There were differences between the MHI and the other two populations in flat and up. The occurrence of up-shaped whistles was higher in the MHI than in the two other populations, but the occurrence of flat whistles was lower in the MHI than in the other two populations. The occurrence of down and sinusoidal whistles was similar among the three populations. In particular, the sinusoidal whistle was the least frequent in all three populations.

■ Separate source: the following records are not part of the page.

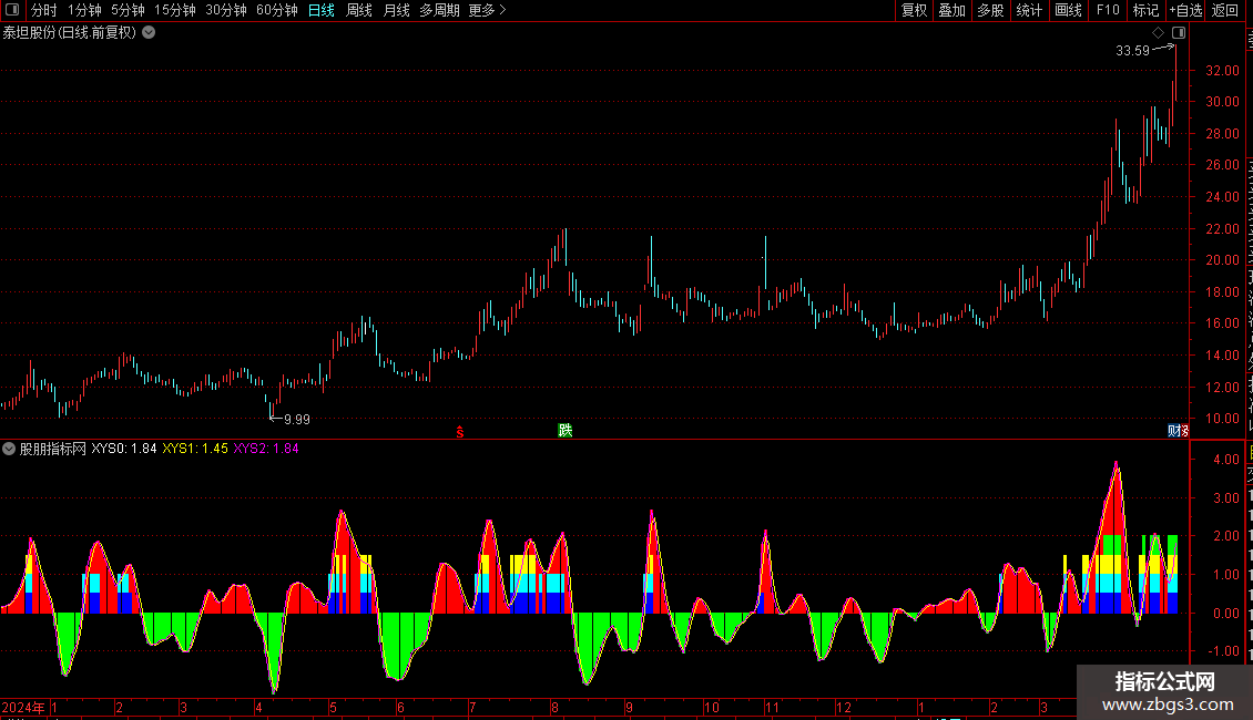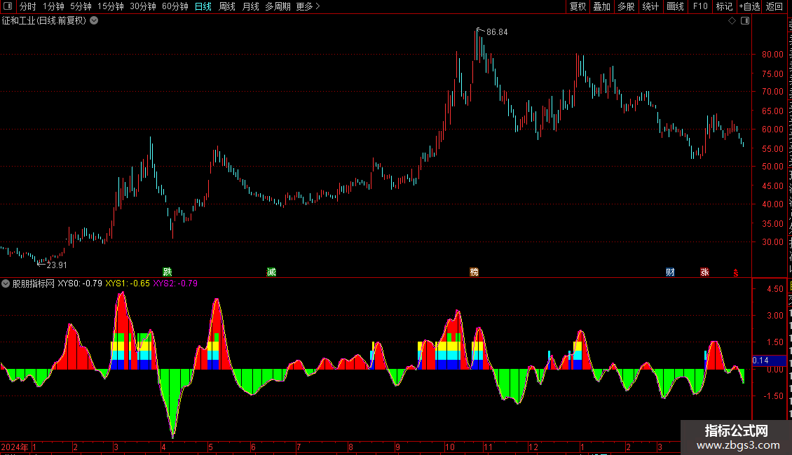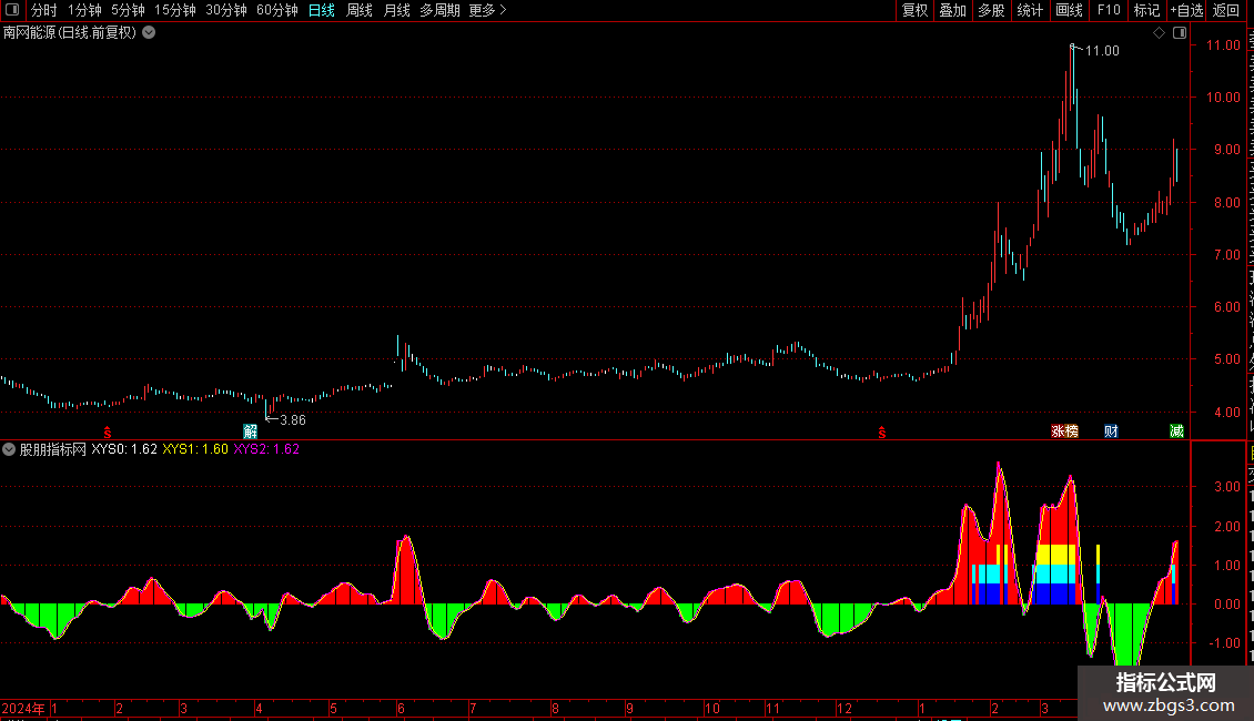 两种颜色柱状区分基本状态:绿色柱状表示个股处于短线弱势状态,红色柱状表示个股处于短线强势状态;彩色柱表示超强的非理性状态。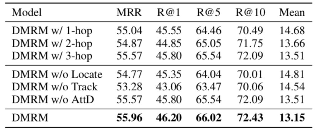 表3显示了双通道多步推理视觉对话生成模型DMRM的消融实验,分析了各个模块对于视觉对话任务效果的影响,可以看出双通道多步推理以及多模态解码器都起到了重要作用。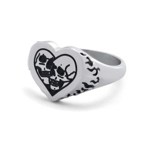 Introducing our new Skull Heart Ring where we make love and death collide. This striking heart-shaped ring, featuring 2 bold skulls right at its center seamlessly blends gothic charm with a touch of dark romance.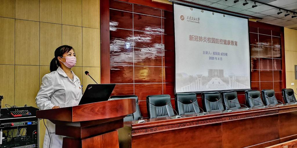 2020年4月19日,陜西省教育廳發(fā)布了“陜西省教育廳關于做好陜西高校2020年春季學期開學工作的通知(陜教明電〔2020〕3號)”。就全省高校2020年春季學期開學工作明確4月27日起,各高??梢蚤_始安排學生錯時錯峰返校,具體返校時間由各高校統(tǒng)籌安排。為做好學生返校工作準備,校醫(yī)院立即嚴格執(zhí)行教育廳及學校要求,認真做好組織統(tǒng)籌,不斷拓展健康教育方式,扎實開展開學前后新冠肺炎疫情防控宣傳教育各項工作。2020年4月24日,校醫(yī)院成怡敏副主任醫(yī)師在雁塔校區(qū)第五會議室為全體后勤人員進行了題為《新冠肺炎校園防控健康教育》健康講座活動。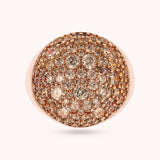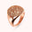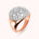 Chevalier ring made of Golden Rosé alloy, 18kt rose gold plated, with a round shape (35 mm) with pavé surface in cubic zirconia, luminous quality, and small dots in Golden Rosé.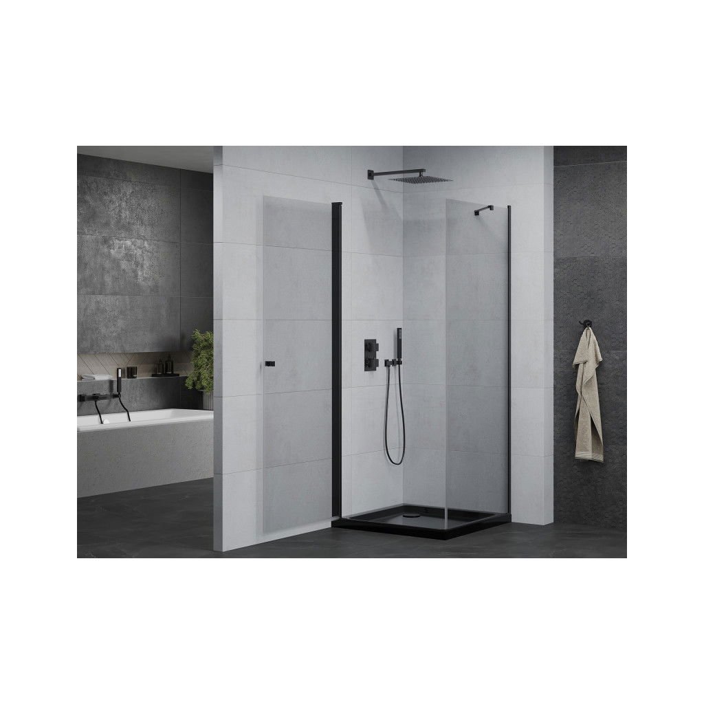 Elegantný sprchovací kút je vyrobený zo 6 mm hrubého tvrdeného skla v prechode procedúry. Aplikovaná povrchová úprava skla zaisťuje maximálny komfort všetkým užívateľom. Táto technológia zaručuje jedinečné vlastnosti, aby sa zabránilo kontaminácii skla - povrch stačí len opláchnuť vodou. Kút je osadený v čiernych hliníkových profiloch a je vybavený tesnením, ktoré zabraňuje úniku vody mimo sprchy kút. Dvere sprchovacieho kúta sú krídlové s možnosťou otvárania dovnútra alebo von (nutné zvoliť pri montáži). Na otváranie slúži decentné kovová rukoväť. Dokonalú stabilitu sprchovacieho kúta zaisťuje kotviace rameno, ktoré je súčasťou produktu. Sprchovací kút je univerzálny - pri inštalácii sa rozhodnete otvoriť vpravo alebo doľava. Profilové lišty umožňujú reguláciu pre vyrovnanie prípadných drobných nerovností stien. Sprchovací kút je možné inštalovať na sprchovú vaničku alebo priamo na dlažbu.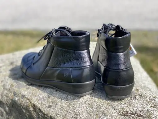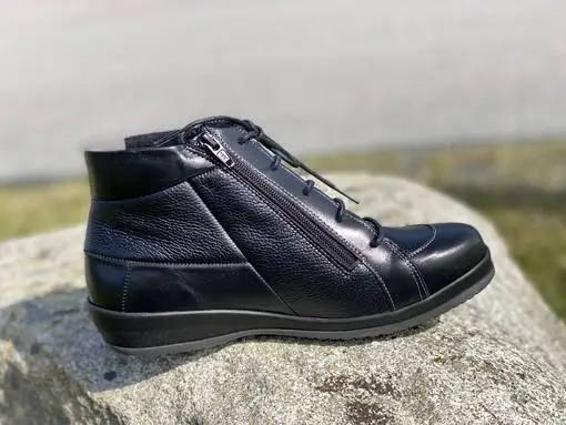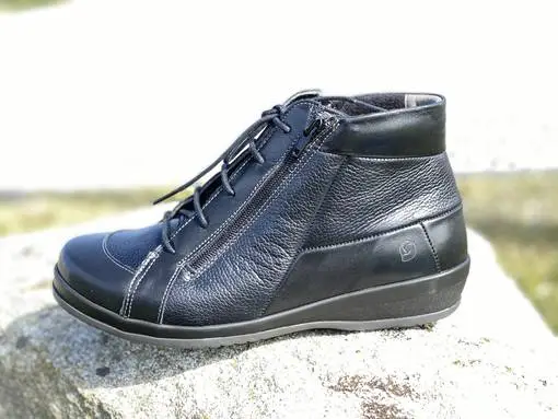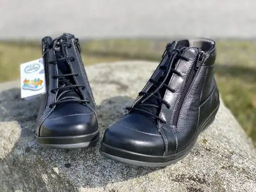 Mustat leveälestiset Suave Bristol nilkkurit. Kaksi pukemista helpottavaa vetoketjua, joiden ansiosta kenkä aukeaa pitkälle kärkeen asti ja on helppo pukea myös kipeään tai arkaan jalkaan. Nauhoituksen avulla kengän voi säätää omaan tarpeeseen sopivan kireäksi tai riittävän väljäksi. Kevyesti muotoiltu pohjallinen on irrotettava ja voit tarvittaessa säätää kengän sisätilaa lisäämällä pohjallisen alle tasaisen pohjallisen tai vaihtaa sen kokonaan oman jalkasi tarpeita parhaiten vastaavaan pohjalliseen.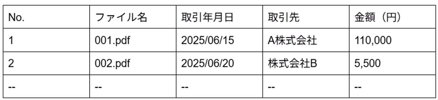 例えば、「20250623_株式会社サンプル_11000」のように、「取引年月日_取引先名_金額」といったルールで統一すると、検索しやすくなります。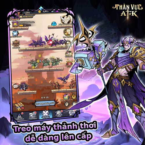 Với cơ chế AFK treo máy rảnh tay, người chơi có thể dễ dàng thăng cấp nhanh chóng, chạm nhẹ là nhận được rất nhiều tài nguyên, mang đến trải nghiệm game độc đáo. Hơn thế nữa, mọi người có thể tham gia nhiều trận chiến cùng lúc, không cần mất thời gian cho những trận chiến dài hơi.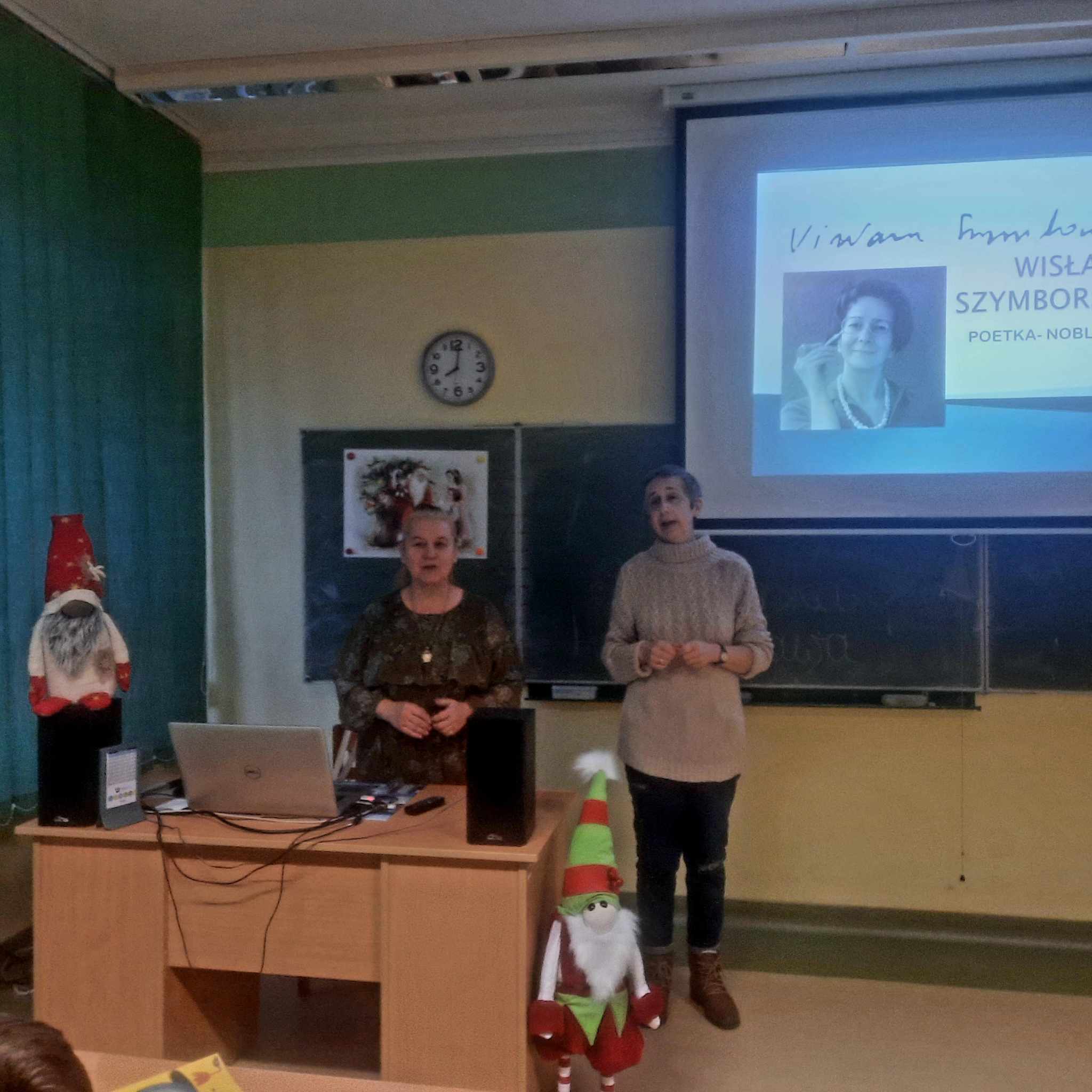 Początek lekcji zmienił się w poetycki poranek, gdyż uczniowie, pod kierunkim, p. Jolanty Kłósek, przygotowali krótki występ słowno - muzyczny złożony z wierszy noblistki. Zabrzmiała także ostatnio będąca na topie piosenka Sanah do słów Szymborskiej: „Nic dwa razy się nie zdarza…”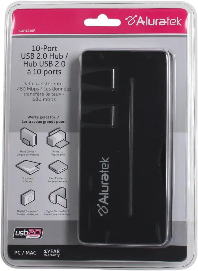10 USB PortsThe Aluratek AUH1210F USB 2.0 Hub features 10 USB ports for easy access to a variety of USB devices such as your storage device, scanner, printer, external optical drive, and digital camera.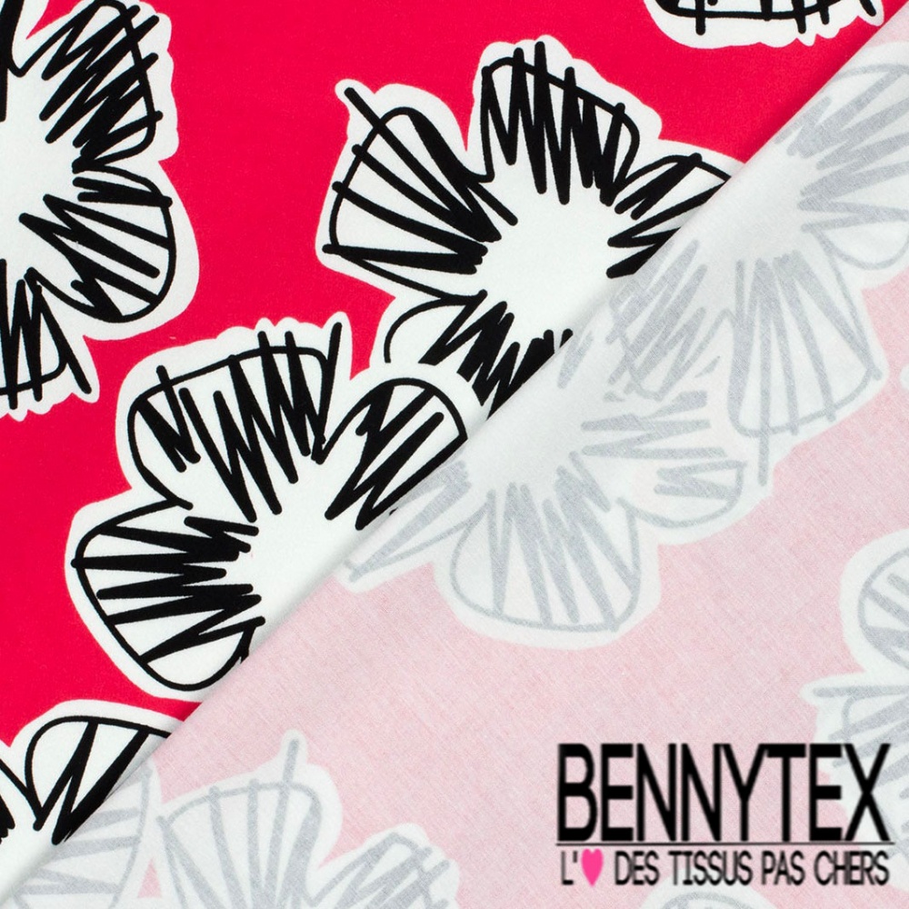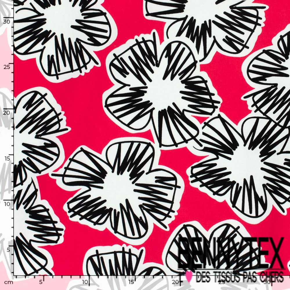 Coupon 3m Satin coton élasthanne imprimé grande fleur graphique fond grenadine oeko tex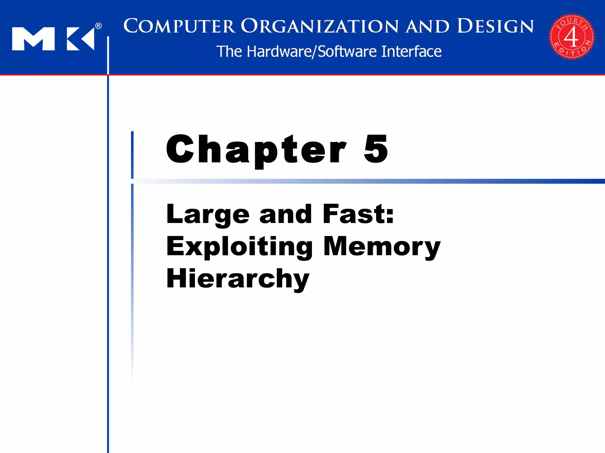 The document discusses memory hierarchy and caching techniques used to improve memory access performance. It explains that caches exploit locality by copying frequently accessed data from slower memory to faster caches closer to the CPU. The basics of direct-mapped caches are described, including tags, valid bits, hits, and misses. Write policies like write-through and write-back are covered. Associativity and replacement policies in set-associative caches are also summarized.

The frequency of U and inverted U-shaped whistles was different in the NWHI population than in the other two populations. The occurrence of inverted U-shaped whistles was higher in the NWHI than in the two other populations, but the occurrence of U-shaped whistles was lower in the NWHI than in the other two populations.
V. Whistle comparison result
Acoustic features are selected to investigate the statistical properties of false killer whale whistles. These features are the time duration (Dur), maximum frequency (MaxF), minimum frequency (MinF), frequency bandwidth (BanF), start frequency (StaF), and end frequency (EndF). By comparing these whistle features, we determine whether there are actual differences among the three populations. We first measured the Cumulative Distribution Functions (CDFs) of each whistle feature by contour shape. We additionally performed statistical tests to assess whether the observed differences among populations were statistically significant, and we calculated effect sizes to evaluate how large those differences were.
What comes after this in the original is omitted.